WHAT TO DO:
Copy all entries exactly, and wherever an entry holds a picture, leave that picture out.

##### DATA EXTRACTS #####

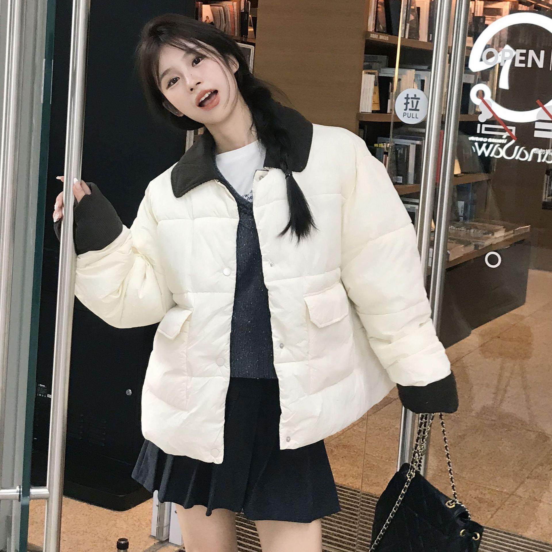 欧美风灯芯绒领拼接小香风棉衣棉服女冬季新款气质名媛女装外套潮
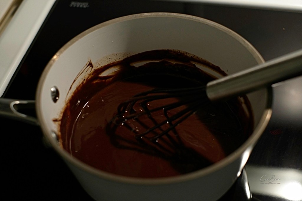 Place whipping cream and chocolate in a pan over medium heat, stirring steadily until the chocolate has melted and is well blended with the cream.
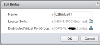 - Logical switch & DPG (physical VLAN used for L2Bridge) should be part of same virtual distributed switch, vDS.
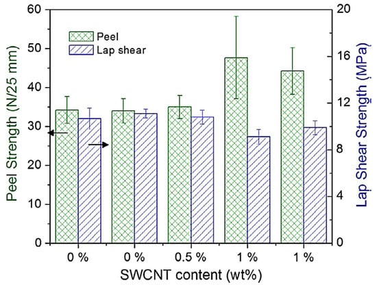 Due to their ability to withstand high temperatures, shocks, and corrosion, epoxy-based materials have been employed in the space sector [84]. Consequently, epoxy and other polymer-based nanocomposites have been considered for aerospace [85,86]. Epoxy nanocomposites depicted better corrosion resistance compared with neat epoxy coatings [87]. Ebrahimzad et al. [88] developed carbon nanotube-based coatings for improving the mechanical stability and corrosion resistance of aluminum for aerospace structures. Such coatings have been applied to enhance the life span of space-related metal alloys [89]. Asmatulu et al. [90] developed epoxy/multi-walled carbon nanotube nanocomposite coatings. The nanocomposite (1 mm thick) was coated on the aluminum surface for corrosion prevention. Epoxy/multi-walled carbon nanotube nanocomposites were tested in UV and salt fog chambers for moisture and chemical resistance. The contact angles of the nanocomposites with 0.25–2 wt.% nanofiller were investigated. A contact angle of 84–91° was observed for the coatings, indicating the hydrophobicity and anticorrosion properties of the nanocomposite material made for aerospace [91]. Jakubinek et al. [92] fabricated aerospace-grade epoxy and single-walled carbon nanotube-derived nanocomposites. Nanofiller contents up to ~1 wt.% were reinforced in the matrix. Figure 4 shows the fabrication of aerospace-grade epoxy/single-walled carbon nanotube nanocomposite adhesives. The nanomaterial was de-gassed prior to spreading on the panels. Lap shear and peel tests were performed on the nanocomposite adhesive samples. Figure 5 depicts the performance of adhesive joints with 0.5 wt.% nanofiller contents. With the reinforcement of 1 wt.% nanotube contents in the adhesive, the peel strength was found to be 30% higher than the neat polymer. The fine lap shear performance of the nanocomposites with 0.5–1 wt.% nanofiller loading was observed. The properties the revealed excellent application potential of this nanocomposite adhesive for the aerospace sector.
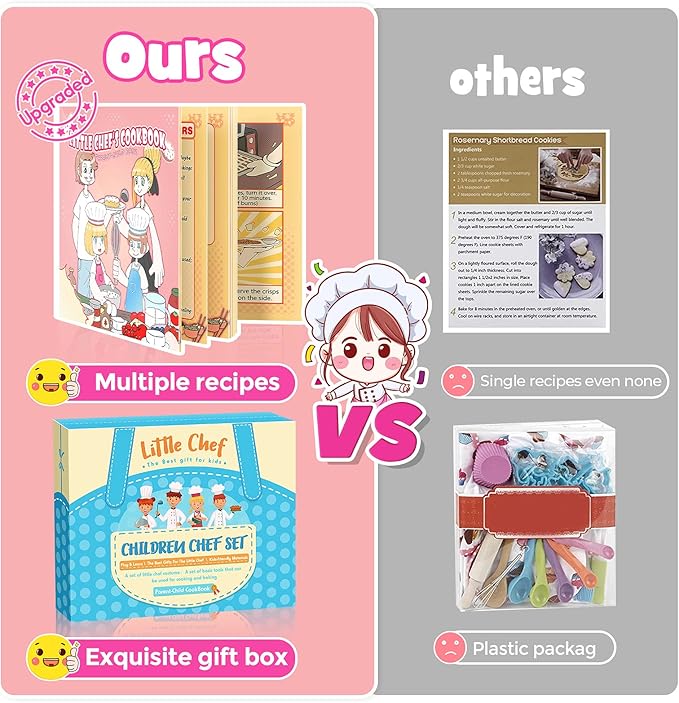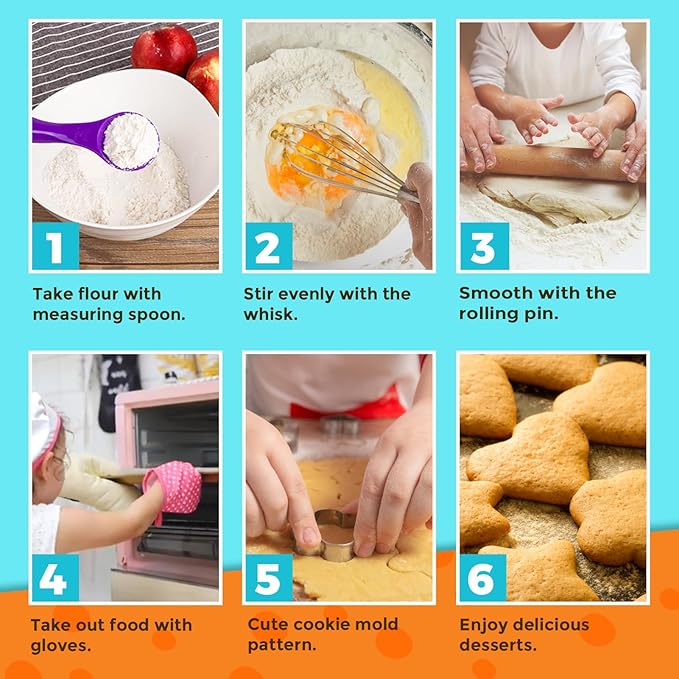 - COMES WITH COOKBOOK: Kids don’t know how to make food? Do not worry! kids baking set has a well-designed and bound cookbook, which introduces 10 kinds of food preparation methods through the most simple way of easy understanding pictures and texts. Correctly help children get started with cooking!

#####

RESPONSE BELOW:
 欧美风灯芯绒领拼接小香风棉衣棉服女冬季新款气质名媛女装外套潮
 Place whipping cream and chocolate in a pan over medium heat, stirring steadily until the chocolate has melted and is well blended with the cream.
 - Logical switch & DPG (physical VLAN used for L2Bridge) should be part of same virtual distributed switch, vDS.
 Due to their ability to withstand high temperatures, shocks, and corrosion, epoxy-based materials have been employed in the space sector [84]. Consequently, epoxy and other polymer-based nanocomposites have been considered for aerospace [85,86]. Epoxy nanocomposites depicted better corrosion resistance compared with neat epoxy coatings [87]. Ebrahimzad et al. [88] developed carbon nanotube-based coatings for improving the mechanical stability and corrosion resistance of aluminum for aerospace structures. Such coatings have been applied to enhance the life span of space-related metal alloys [89]. Asmatulu et al. [90] developed epoxy/multi-walled carbon nanotube nanocomposite coatings. The nanocomposite (1 mm thick) was coated on the aluminum surface for corrosion prevention. Epoxy/multi-walled carbon nanotube nanocomposites were tested in UV and salt fog chambers for moisture and chemical resistance. The contact angles of the nanocomposites with 0.25–2 wt.% nanofiller were investigated. A contact angle of 84–91° was observed for the coatings, indicating the hydrophobicity and anticorrosion properties of the nanocomposite material made for aerospace [91]. Jakubinek et al. [92] fabricated aerospace-grade epoxy and single-walled carbon nanotube-derived nanocomposites. Nanofiller contents up to ~1 wt.% were reinforced in the matrix. Figure 4 shows the fabrication of aerospace-grade epoxy/single-walled carbon nanotube nanocomposite adhesives. The nanomaterial was de-gassed prior to spreading on the panels. Lap shear and peel tests were performed on the nanocomposite adhesive samples. Figure 5 depicts the performance of adhesive joints with 0.5 wt.% nanofiller contents. With the reinforcement of 1 wt.% nanotube contents in the adhesive, the peel strength was found to be 30% higher than the neat polymer. The fine lap shear performance of the nanocomposites with 0.5–1 wt.% nanofiller loading was observed. The properties the revealed excellent application potential of this nanocomposite adhesive for the aerospace sector.
 - COMES WITH COOKBOOK: Kids don’t know how to make food? Do not worry! kids baking set has a well-designed and bound cookbook, which introduces 10 kinds of food preparation methods through the most simple way of easy understanding pictures and texts. Correctly help children get started with cooking!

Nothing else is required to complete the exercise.